■ **Data for the task**

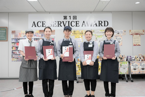 ※「ACE SERVICE AWARD(エースサービスアワード)」は、株式会社エースが運営する食料品専門店「北野エース」全国の店舗スタッフを対象とした社内接客コンテストです。社歴や役職、経験に関係なく店舗スタッフが参加し、接客力向上を目的として実施いたしました。
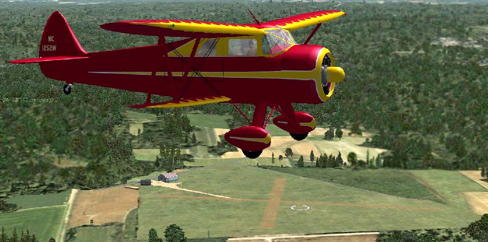 It depicted 2 unpaved runways, with 3 light single-engine planes & a few small buildings on the west side.
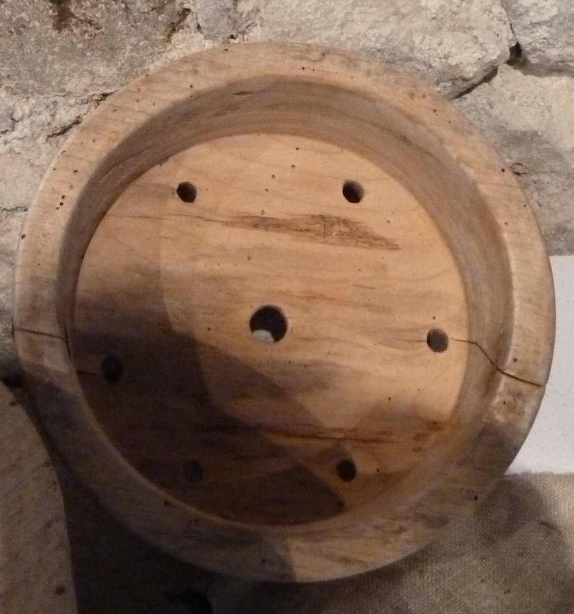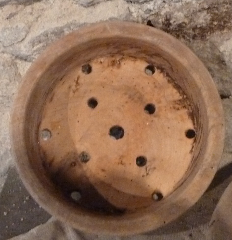 Contenitore a sezione circolare, dalla sponda bassa e dalla circonferenza della bocca rilevata maggiore di quella del fondo, su cui sono stati ricavati dei piccoli fori
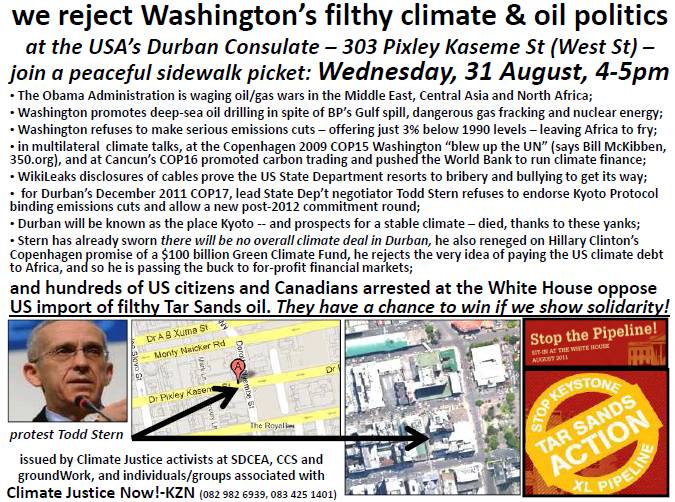 DURBAN, 1 December 2011 - Canada, you were once considered a leader on global issues like human rights and environmental protection. Today you're home to polluting tar sands oil, speeding the dangerous effects of climate change. For us in Africa, climate change is a life and death issue.
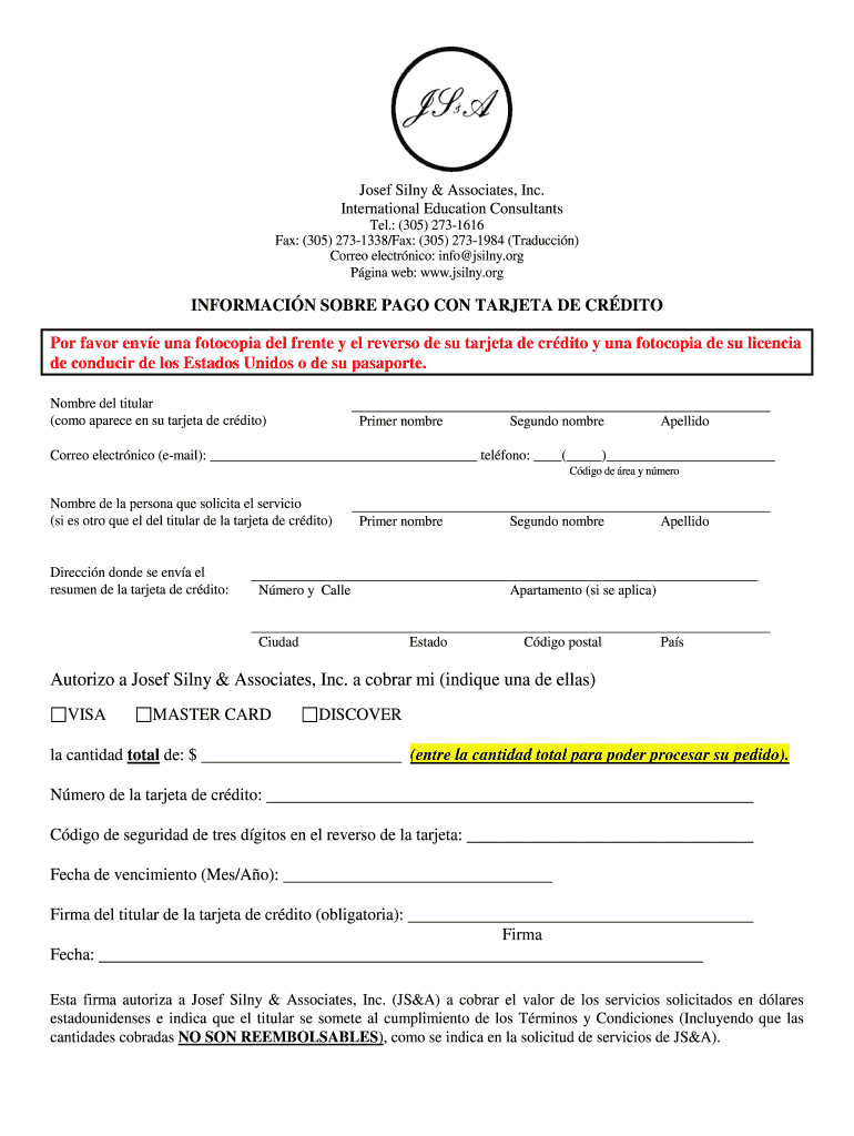 Get the free Pago con Tarjeta de Crdito - Josef Silny & Associates, Inc.

■ **Problem**
Only the lines between the one containing "Contenitore a sezione" and the last line of the listing above, both included, should be written out, exactly and without pictures.

■ **Written solution**
 Contenitore a sezione circolare, dalla sponda bassa e dalla circonferenza della bocca rilevata maggiore di quella del fondo, su cui sono stati ricavati dei piccoli fori
 DURBAN, 1 December 2011 - Canada, you were once considered a leader on global issues like human rights and environmental protection. Today you're home to polluting tar sands oil, speeding the dangerous effects of climate change. For us in Africa, climate change is a life and death issue.
 Get the free Pago con Tarjeta de Crdito - Josef Silny & Associates, Inc.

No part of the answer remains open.